Stored entries >>
= = = =

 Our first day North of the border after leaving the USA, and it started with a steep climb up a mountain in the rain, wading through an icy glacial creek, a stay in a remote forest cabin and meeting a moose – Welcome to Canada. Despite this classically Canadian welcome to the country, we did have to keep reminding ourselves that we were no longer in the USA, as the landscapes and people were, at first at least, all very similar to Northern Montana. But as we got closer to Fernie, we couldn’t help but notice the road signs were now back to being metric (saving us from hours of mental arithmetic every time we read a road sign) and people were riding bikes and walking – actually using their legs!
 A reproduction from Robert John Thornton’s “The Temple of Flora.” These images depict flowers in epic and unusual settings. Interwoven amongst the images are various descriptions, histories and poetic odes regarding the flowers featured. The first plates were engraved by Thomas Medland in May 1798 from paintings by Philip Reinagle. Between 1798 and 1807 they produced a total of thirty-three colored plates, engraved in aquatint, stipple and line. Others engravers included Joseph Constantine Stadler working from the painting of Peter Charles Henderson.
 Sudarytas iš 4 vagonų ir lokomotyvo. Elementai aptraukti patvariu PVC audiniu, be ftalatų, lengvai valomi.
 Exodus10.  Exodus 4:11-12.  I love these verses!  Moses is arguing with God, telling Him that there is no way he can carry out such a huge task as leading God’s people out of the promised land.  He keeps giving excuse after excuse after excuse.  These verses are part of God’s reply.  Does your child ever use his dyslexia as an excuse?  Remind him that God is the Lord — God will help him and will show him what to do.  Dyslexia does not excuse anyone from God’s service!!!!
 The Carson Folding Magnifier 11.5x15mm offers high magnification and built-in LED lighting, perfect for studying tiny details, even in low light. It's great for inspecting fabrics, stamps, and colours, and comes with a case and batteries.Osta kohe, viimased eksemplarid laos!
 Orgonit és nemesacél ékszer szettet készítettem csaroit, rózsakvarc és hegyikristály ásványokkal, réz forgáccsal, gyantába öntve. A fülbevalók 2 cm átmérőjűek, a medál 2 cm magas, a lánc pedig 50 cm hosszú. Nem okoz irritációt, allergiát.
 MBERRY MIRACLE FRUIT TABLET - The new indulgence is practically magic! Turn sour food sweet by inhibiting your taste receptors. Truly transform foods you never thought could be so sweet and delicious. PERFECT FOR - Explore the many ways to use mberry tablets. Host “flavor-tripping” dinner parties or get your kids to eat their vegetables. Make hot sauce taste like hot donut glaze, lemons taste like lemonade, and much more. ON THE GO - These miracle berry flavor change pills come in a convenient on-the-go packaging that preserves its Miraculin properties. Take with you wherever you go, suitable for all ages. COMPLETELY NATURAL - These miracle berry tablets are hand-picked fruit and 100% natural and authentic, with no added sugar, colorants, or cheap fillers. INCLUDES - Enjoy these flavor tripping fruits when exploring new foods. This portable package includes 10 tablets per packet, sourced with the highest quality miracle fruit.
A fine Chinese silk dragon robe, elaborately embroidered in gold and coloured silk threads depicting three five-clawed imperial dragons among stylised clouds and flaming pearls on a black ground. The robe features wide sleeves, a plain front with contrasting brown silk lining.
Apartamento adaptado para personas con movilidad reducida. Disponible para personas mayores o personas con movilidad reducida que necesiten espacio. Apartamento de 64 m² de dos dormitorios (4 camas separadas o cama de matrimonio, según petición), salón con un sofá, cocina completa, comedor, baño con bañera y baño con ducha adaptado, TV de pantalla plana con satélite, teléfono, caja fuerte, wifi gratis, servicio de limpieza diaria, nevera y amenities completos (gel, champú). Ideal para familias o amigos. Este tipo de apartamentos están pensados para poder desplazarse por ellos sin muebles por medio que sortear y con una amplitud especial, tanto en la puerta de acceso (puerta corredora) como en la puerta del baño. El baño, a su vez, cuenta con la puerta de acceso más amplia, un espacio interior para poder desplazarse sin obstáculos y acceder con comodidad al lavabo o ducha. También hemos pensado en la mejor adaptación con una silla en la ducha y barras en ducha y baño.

= = = =

EXERCISE DESCRIPTION >> All entries are to be printed once more, exactly as given.

FINISHED EXERCISE >>
 Our first day North of the border after leaving the USA, and it started with a steep climb up a mountain in the rain, wading through an icy glacial creek, a stay in a remote forest cabin and meeting a moose – Welcome to Canada. Despite this classically Canadian welcome to the country, we did have to keep reminding ourselves that we were no longer in the USA, as the landscapes and people were, at first at least, all very similar to Northern Montana. But as we got closer to Fernie, we couldn’t help but notice the road signs were now back to being metric (saving us from hours of mental arithmetic every time we read a road sign) and people were riding bikes and walking – actually using their legs!
 A reproduction from Robert John Thornton’s “The Temple of Flora.” These images depict flowers in epic and unusual settings. Interwoven amongst the images are various descriptions, histories and poetic odes regarding the flowers featured. The first plates were engraved by Thomas Medland in May 1798 from paintings by Philip Reinagle. Between 1798 and 1807 they produced a total of thirty-three colored plates, engraved in aquatint, stipple and line. Others engravers included Joseph Constantine Stadler working from the painting of Peter Charles Henderson.
 Sudarytas iš 4 vagonų ir lokomotyvo. Elementai aptraukti patvariu PVC audiniu, be ftalatų, lengvai valomi.
 Exodus10.  Exodus 4:11-12.  I love these verses!  Moses is arguing with God, telling Him that there is no way he can carry out such a huge task as leading God’s people out of the promised land.  He keeps giving excuse after excuse after excuse.  These verses are part of God’s reply.  Does your child ever use his dyslexia as an excuse?  Remind him that God is the Lord — God will help him and will show him what to do.  Dyslexia does not excuse anyone from God’s service!!!!
 The Carson Folding Magnifier 11.5x15mm offers high magnification and built-in LED lighting, perfect for studying tiny details, even in low light. It's great for inspecting fabrics, stamps, and colours, and comes with a case and batteries.Osta kohe, viimased eksemplarid laos!
 Orgonit és nemesacél ékszer szettet készítettem csaroit, rózsakvarc és hegyikristály ásványokkal, réz forgáccsal, gyantába öntve. A fülbevalók 2 cm átmérőjűek, a medál 2 cm magas, a lánc pedig 50 cm hosszú. Nem okoz irritációt, allergiát.
 MBERRY MIRACLE FRUIT TABLET - The new indulgence is practically magic! Turn sour food sweet by inhibiting your taste receptors. Truly transform foods you never thought could be so sweet and delicious. PERFECT FOR - Explore the many ways to use mberry tablets. Host “flavor-tripping” dinner parties or get your kids to eat their vegetables. Make hot sauce taste like hot donut glaze, lemons taste like lemonade, and much more. ON THE GO - These miracle berry flavor change pills come in a convenient on-the-go packaging that preserves its Miraculin properties. Take with you wherever you go, suitable for all ages. COMPLETELY NATURAL - These miracle berry tablets are hand-picked fruit and 100% natural and authentic, with no added sugar, colorants, or cheap fillers. INCLUDES - Enjoy these flavor tripping fruits when exploring new foods. This portable package includes 10 tablets per packet, sourced with the highest quality miracle fruit.
A fine Chinese silk dragon robe, elaborately embroidered in gold and coloured silk threads depicting three five-clawed imperial dragons among stylised clouds and flaming pearls on a black ground. The robe features wide sleeves, a plain front with contrasting brown silk lining.
Apartamento adaptado para personas con movilidad reducida. Disponible para personas mayores o personas con movilidad reducida que necesiten espacio. Apartamento de 64 m² de dos dormitorios (4 camas separadas o cama de matrimonio, según petición), salón con un sofá, cocina completa, comedor, baño con bañera y baño con ducha adaptado, TV de pantalla plana con satélite, teléfono, caja fuerte, wifi gratis, servicio de limpieza diaria, nevera y amenities completos (gel, champú). Ideal para familias o amigos. Este tipo de apartamentos están pensados para poder desplazarse por ellos sin muebles por medio que sortear y con una amplitud especial, tanto en la puerta de acceso (puerta corredora) como en la puerta del baño. El baño, a su vez, cuenta con la puerta de acceso más amplia, un espacio interior para poder desplazarse sin obstáculos y acceder con comodidad al lavabo o ducha. También hemos pensado en la mejor adaptación con una silla en la ducha y barras en ducha y baño.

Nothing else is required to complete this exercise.